Nell’attesa di risolvere l’arcano, Alfredo Lucioni ha tenuto una interessante conferenza a Velate sui pellegrinaggi medievali diretti al santuario varesino. A partire da quell’Ambrogio di Burago Molgora, nel Comasco, che nel 1026 fa rogare dal notaio tre testamenti prima di partire per Gerusalemme. C’è il rischio di non tornare e Ambrogio si premunisce, ma gode di una buona stella. Nel 1028 lo ritroviamo a Velate mentre dona terreni e altri beni a S. Maria del Monte, probabilmente dopo una visita al santuario. La piccola chiesa in cima alla montagna è già celebre.
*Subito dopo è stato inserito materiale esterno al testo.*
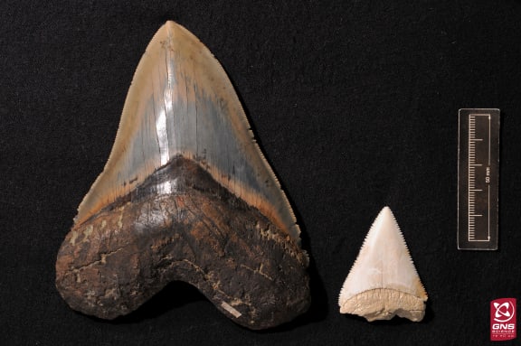 Fossil tooth of the extinct “megatooth shark”. Carcharodon megalodon (left) and, for comparison, a tooth from the living great white shark (right). The megatooth shark was perhaps 25 times the weight of the great white shark. This fossil is between 5 and 10 million years old and is from the Westport area. Specimen from the National Paleontological Collections, GNS Science, Lower Hutt. Photo: Marianna Terezow.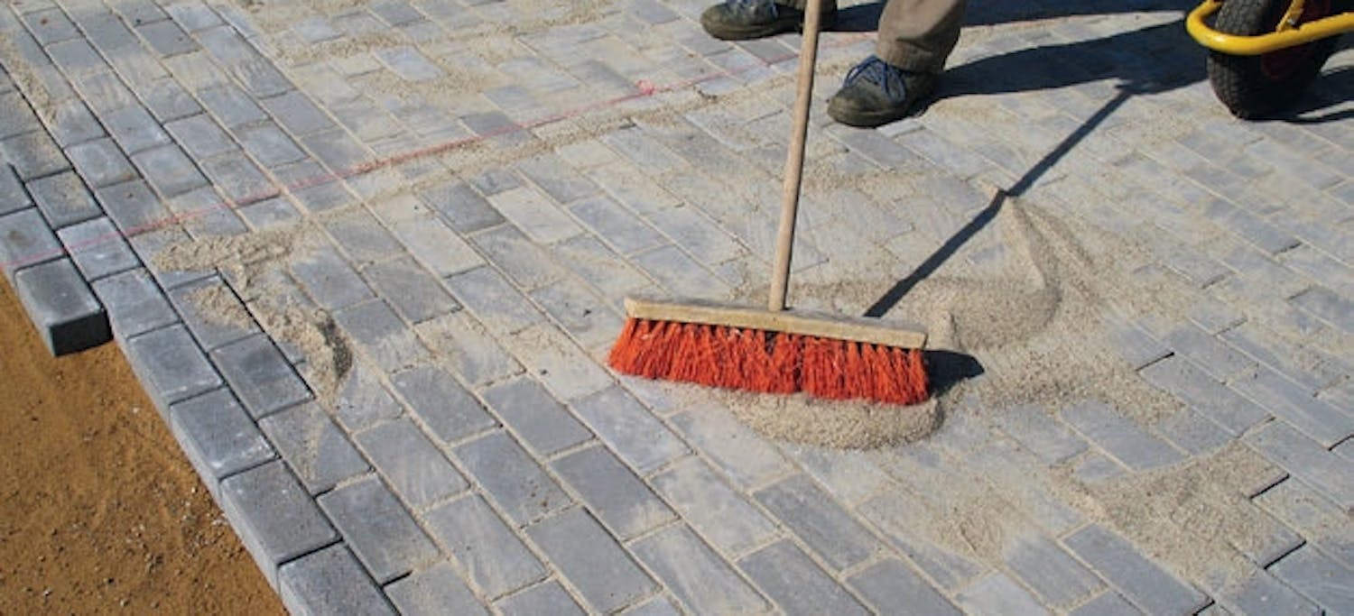 Saumaa kiveys sitä mukaa kun kivien asennus etenee. Näin vältät kulkua vasta asennetuilla kivillä. Kivet asennetaan 5 mm:n ilmaraoin, jotta rakoihin saadaan saumaushiekkaa tasaamaan tiivis ja jous-tava pinta. Käytä uunikuivat-tua hiekkaa. Hiekka ei saa ”rakentua silloiksi”, vaan sen pitää painua vapaasti alas.

Lo testimoniano i graffiti che gli antichi visitatori lasciano sui muri di quella che oggi è la cripta.
Frequenti pellegrinaggi compiono i membri delle famiglie Visconti e Sforza che si avvicendano nella signoria di Milano. Ingannato dal nipote Gian Galeazzo, il feroce Bernabò Visconti cade vittima di un tranello sulla via del monte, è fatto prigioniero, condotto nel castello di Trezzo d’Adda e tolto di mezzo con un piatto di fagioli avvelenati. Il racconto di Lucioni corre tra citazioni dotte, gli ex-voto descritti dal Macaneo, la guerra tra Milano e l’imperatore Federico Barbarossa, la missione amministrativa affidata e svolta dall’arciprete Pietro da Bussero su mandato dell’arcivescovo Galdino di Milano, le preghiere contro le pestilenze intonate dalle “salmatrici” del lago Maggiore, gli scanni sul sagrato che vendono vino, pane e cera.
E poi i dettagli dell’ospitalità sul monte, i doni, i cibi, i trasporti, le opere nella chiesa, i riti, gli abitanti, le tradizioni, il passaggio obbligatorio delle carovane dal borgo di Velate. Duecento pellegrinaggi all’anno fin dall’alto Medioevo. L’uso è continuato nei secoli successivi ma Velate ha via via perso importanza, non è più il punto di passaggio da quando all’inizio del ‘600 è stata costruita la nuova strada del Sacro Monte. Forse, si domandano gli storici, Velate è più antica di Varese e risale ai tempi delle prime castellanze, però mancano le cosiddette pezze d’appoggio, la conferma documentale. Almeno per ora. In futuro tutto ciò che è perso si potrebbe ritrovare.